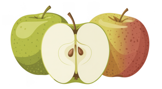 Cartoon of three apples green yellow isolated on a transparent background
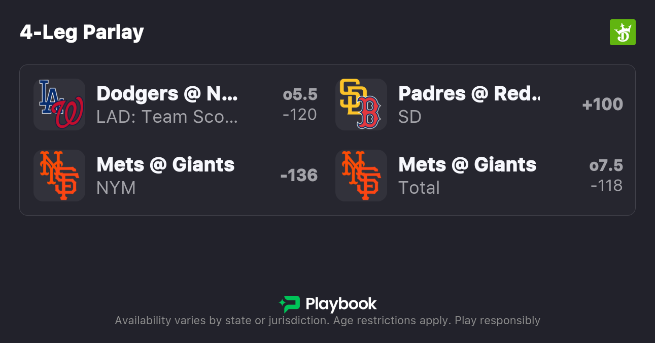 Our staff is locked in. We’ve got bets on nearly every game, but here are four of our favorites for Nationals vs. Dodgers, Padres vs. Red Sox, Cubs vs. Guardians, and Mets vs. Giants.
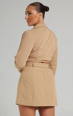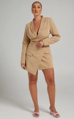 Continue the modern mood by pairing it with the matching Catie Crop Wrap Blazer in Camel and finish with heeled sandals!
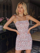 Knot Shoulder Allover Floral Print Bodycon Dress
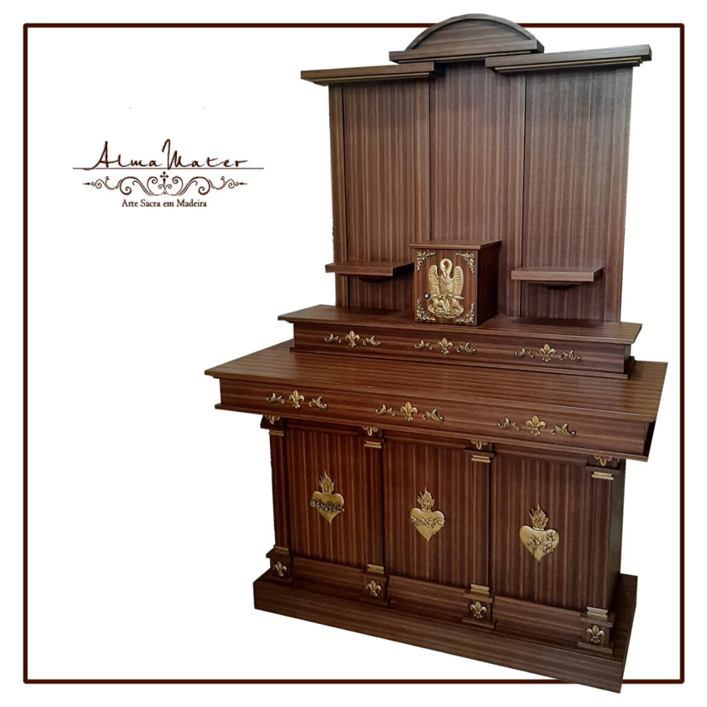Altar de parede (sem fundo) confeccionado em compensado virola imunizado, revestido por lâmina pré-composta e acabamento em verniz. Apliques em resina marmorizada com pintura especial dourada.
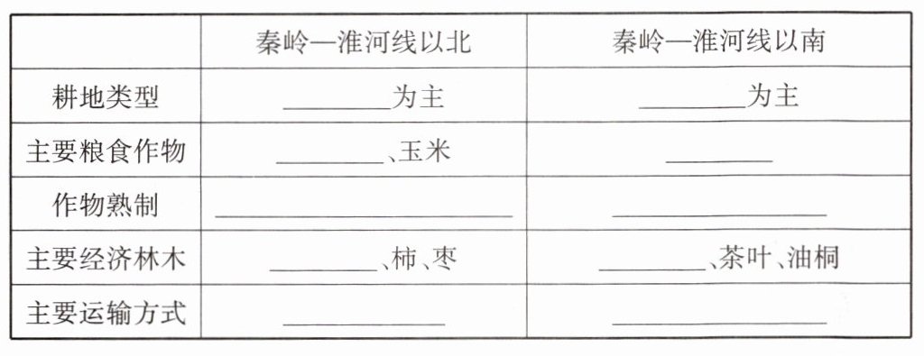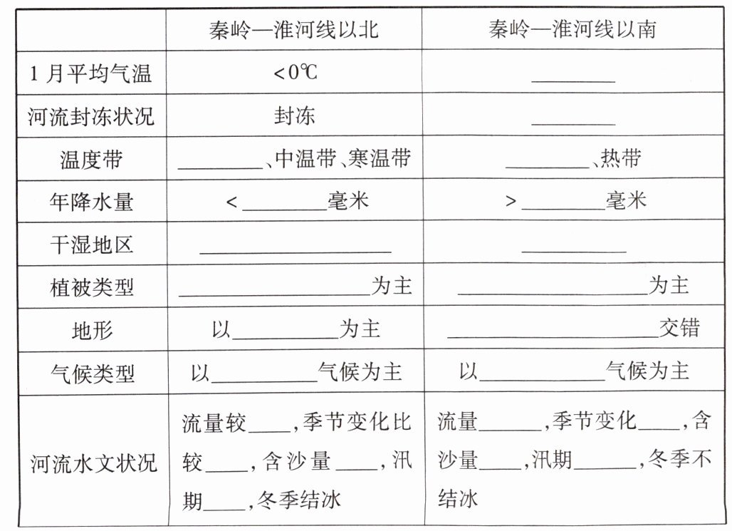 3.>0℃ 不封冻 暖温带 亚热带 800 800 湿润地区、半湿润地区 湿润地区 暖温带落叶阔叶林 亚热带常绿阔叶林 高原、平原 平原、盆地、丘陵和高原 温带季风 亚热带季风 小 大 大 短 丰富 小 小 长 旱地 水田 小麦 水稻 一年两熟、两年三熟或一年一熟 一年两熟到三熟 苹果 柑橘 铁路、公路 铁路、公路、水路
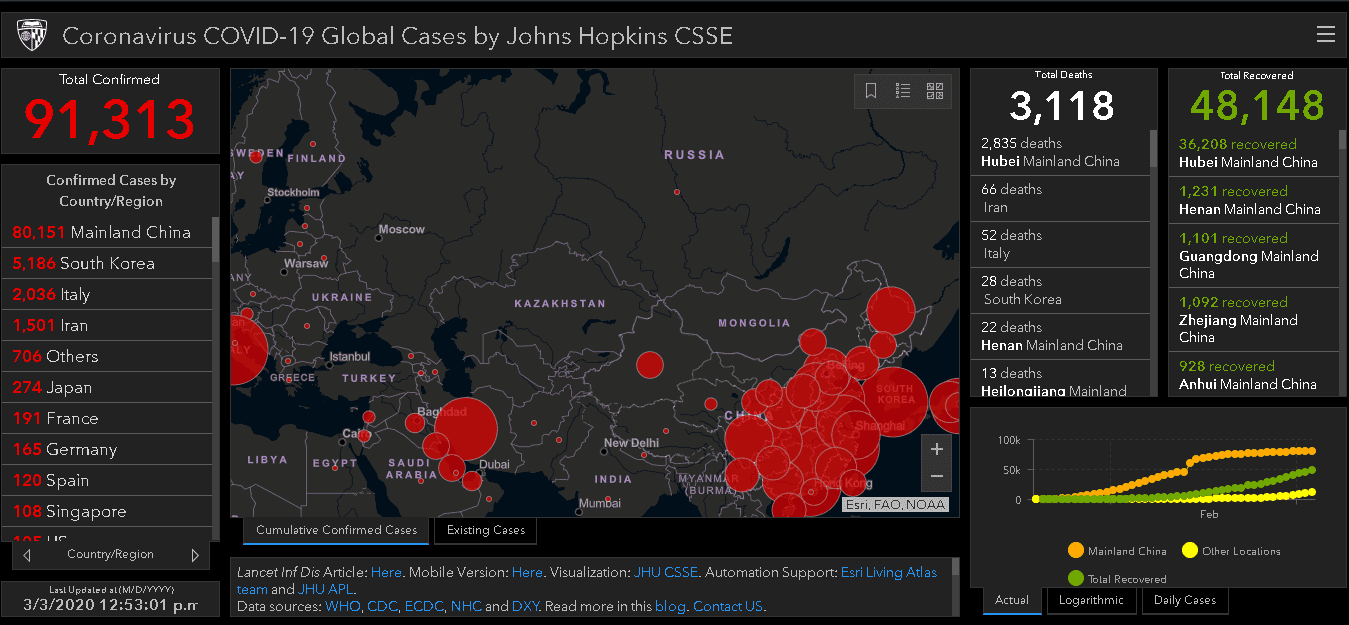 Obecny zasięg rozprzestrzenienia się koronawirusa oraz liczba zarażeń, zgonów i wyleczonych przypadków w poszczególnych krajach:
------
> [INSTRUCTIONS FOR THE TASK]
In the answer, give only the lines from the one containing "3.>0℃ 不封冻 暖温带" through the end of the records above, each reproduced exactly. Include no pictures.

> [RESPONSE TO THE EXERCISE]
 3.>0℃ 不封冻 暖温带 亚热带 800 800 湿润地区、半湿润地区 湿润地区 暖温带落叶阔叶林 亚热带常绿阔叶林 高原、平原 平原、盆地、丘陵和高原 温带季风 亚热带季风 小 大 大 短 丰富 小 小 长 旱地 水田 小麦 水稻 一年两熟、两年三熟或一年一熟 一年两熟到三熟 苹果 柑橘 铁路、公路 铁路、公路、水路
 Obecny zasięg rozprzestrzenienia się koronawirusa oraz liczba zarażeń, zgonów i wyleczonych przypadków w poszczególnych krajach:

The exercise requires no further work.